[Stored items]
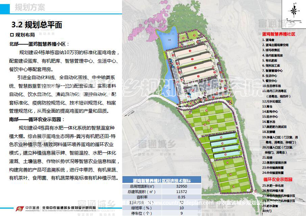 蛋鸡智慧养殖社区与循环农业示范园两区共建,资源互补,互为支撑发展,打造集蛋鸡养殖、蛋鸡主题观摩、粪污综合处理、有机肥生产、循环农业种植示范为一体的: 现代农业生态循环示范区、蛋鸡养殖创新发展示范点(中农富通城乡规划设计研究院规划设计案例)。
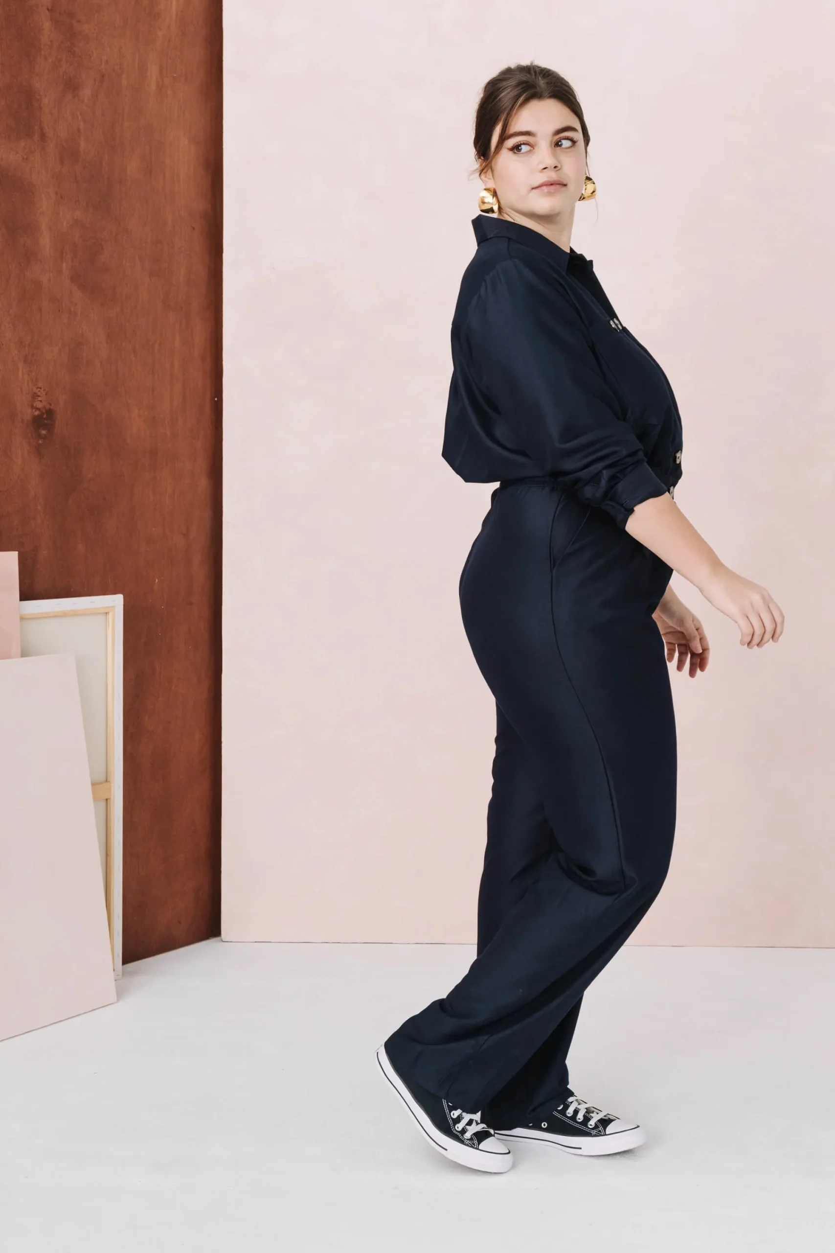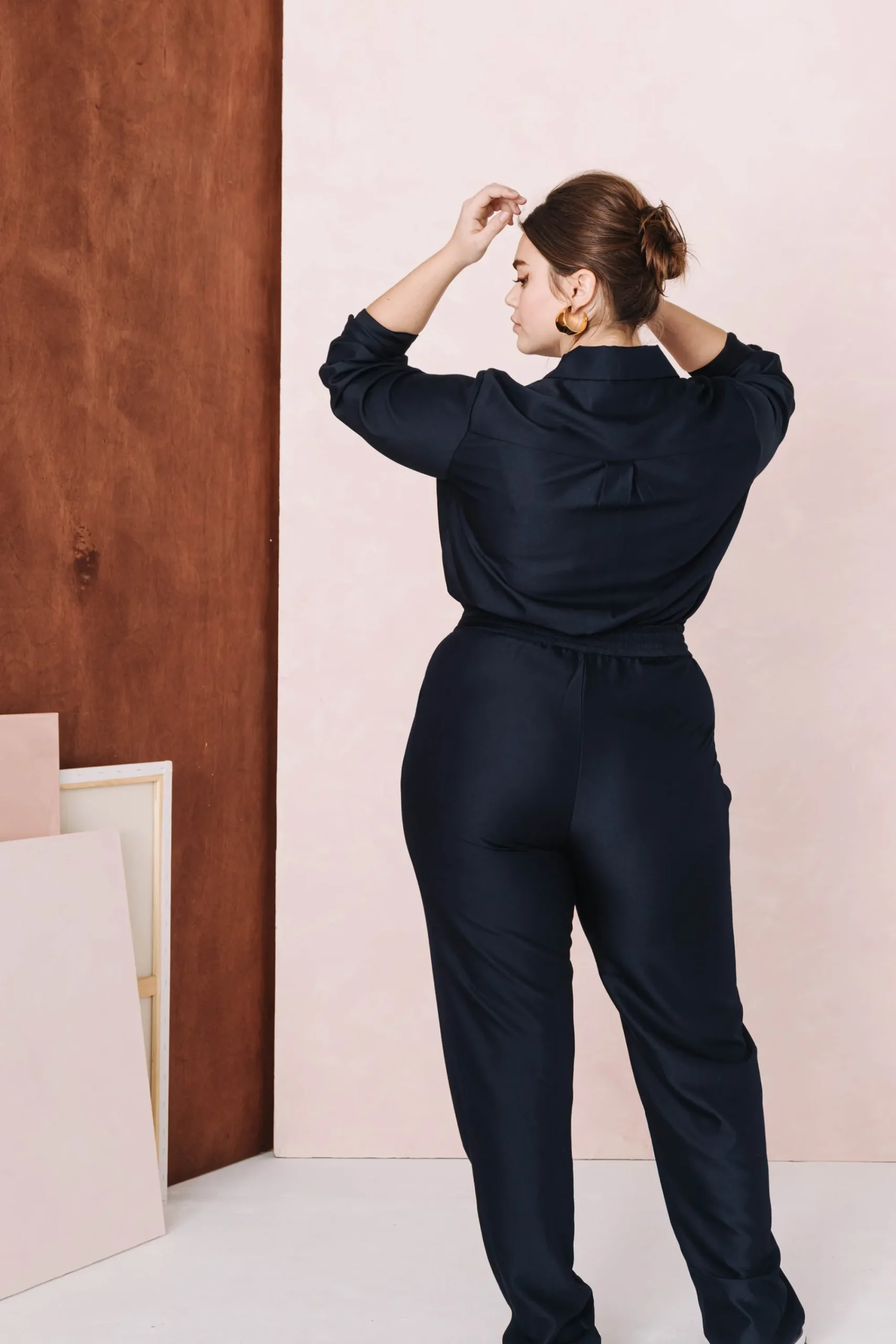 Combinaison pantalon, manches longues, col cavalier. Fermeture devant par une série de boutons jusqu’à la taille. Deux grandes poches poitrine plaquées, fermées par un bouton.
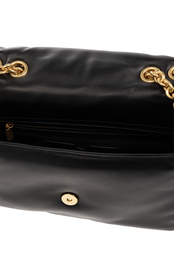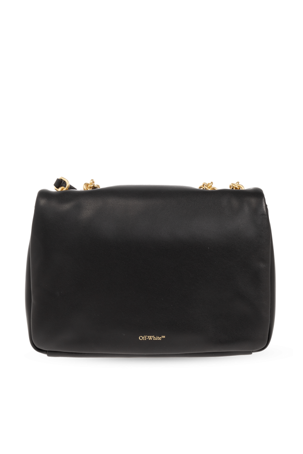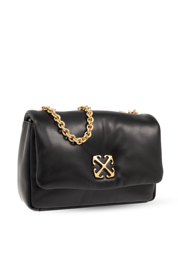 Black ‘Jitney Puffer’ shoulder bag from Off-White. Made of leather, this design secures with a magnetic snap and features a logo-shaped application on the front, a long chain strap interwoven with leather, gold-tone metal hardware and one internal compartment with one zip pocket and one card slot.
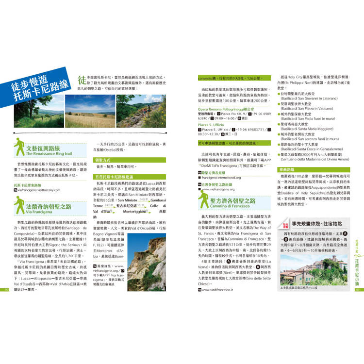 到訪區內著名的佛羅倫斯外,用另一個角度徒步探尋托斯卡納與周邊地區吧!安排了3條徒步路線,有2條為朝聖路線,其中還有能取得朝聖證書,本書提供時間規畫和領取證書的相關資訊,來趟心靈沉澱的朝聖旅行;想要品味更具義大利中古世紀風情可暢遊周邊聖吉米尼亞諾、西耶納、蒙特普齊亞諾等小鎮。
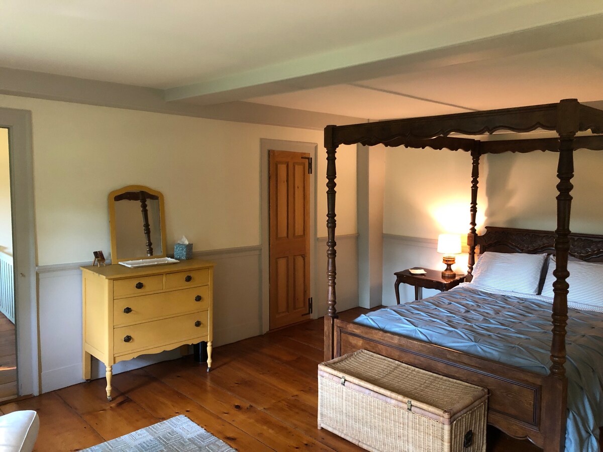 Rustic getaway in the beautiful Litchfield Hills of Northwestern Connecticut featuring a 2-acre pond and access to 9 miles of unique hiking trails on 450+ wooded acres. Cozy 1700's farmhouse comfortably sleeps 4 adults in 2 bedrooms, with an additional kids room that has a fold-out double futon and loft with one double air-mattress, perfect for children's sleeping bags. There is a pull out sofa in the living room. Dogs welcome! The house is next to Norbrook Farm Brewery, which you can walk to.
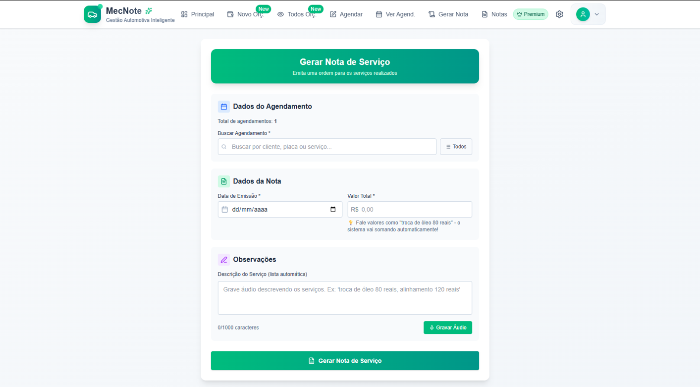 Emita notas detalhadas com descrição de serviços e peças em segundos
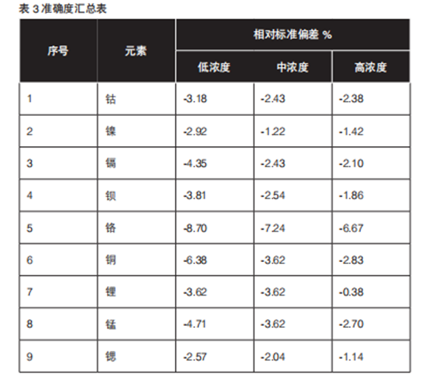 Accuracy is often used to measure the degree of agreement between the analysis results (the mean value of single measurement or repeated measurement) obtained by a specific analysis program and the assumed or recognized true value. The accuracy of an analysis method or analysis system is the comprehensive index of systematic error and random error existing in the method or measurement system, which determines the reliability of the analysis results. This paper tests the accuracy of cobalt, nickel, cadmium, barium, chromium, copper, lithium, manganese and strontium with three concentration solutions. The results are shown in Table 3. The relative deviation ranges from - 8.70% to - 0.38%. In the range of quality control values, there are many elements with low accuracy, and the accuracy of chromium is relatively low, which is preliminarily estimated to be caused by large interference.
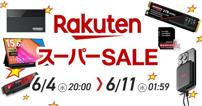 国内でストレージ商品や、PCパーツ及び周辺機器の開発・販売を行っているMonster Storageは、2025年6月4日(水)20:00から楽天市場で開催される「楽天スーパーSALE」にて特別セールを実施。

Task statement:
Above are entries with pictures among them. Write out exactly the lines from the one containing "Black ‘Jitney Puffer’" through the one containing "Emita notas detalhadas", ends included, and leave those pictures out.

Task result:
 Black ‘Jitney Puffer’ shoulder bag from Off-White. Made of leather, this design secures with a magnetic snap and features a logo-shaped application on the front, a long chain strap interwoven with leather, gold-tone metal hardware and one internal compartment with one zip pocket and one card slot.
 到訪區內著名的佛羅倫斯外,用另一個角度徒步探尋托斯卡納與周邊地區吧!安排了3條徒步路線,有2條為朝聖路線,其中還有能取得朝聖證書,本書提供時間規畫和領取證書的相關資訊,來趟心靈沉澱的朝聖旅行;想要品味更具義大利中古世紀風情可暢遊周邊聖吉米尼亞諾、西耶納、蒙特普齊亞諾等小鎮。
 Rustic getaway in the beautiful Litchfield Hills of Northwestern Connecticut featuring a 2-acre pond and access to 9 miles of unique hiking trails on 450+ wooded acres. Cozy 1700's farmhouse comfortably sleeps 4 adults in 2 bedrooms, with an additional kids room that has a fold-out double futon and loft with one double air-mattress, perfect for children's sleeping bags. There is a pull out sofa in the living room. Dogs welcome! The house is next to Norbrook Farm Brewery, which you can walk to.
 Emita notas detalhadas com descrição de serviços e peças em segundos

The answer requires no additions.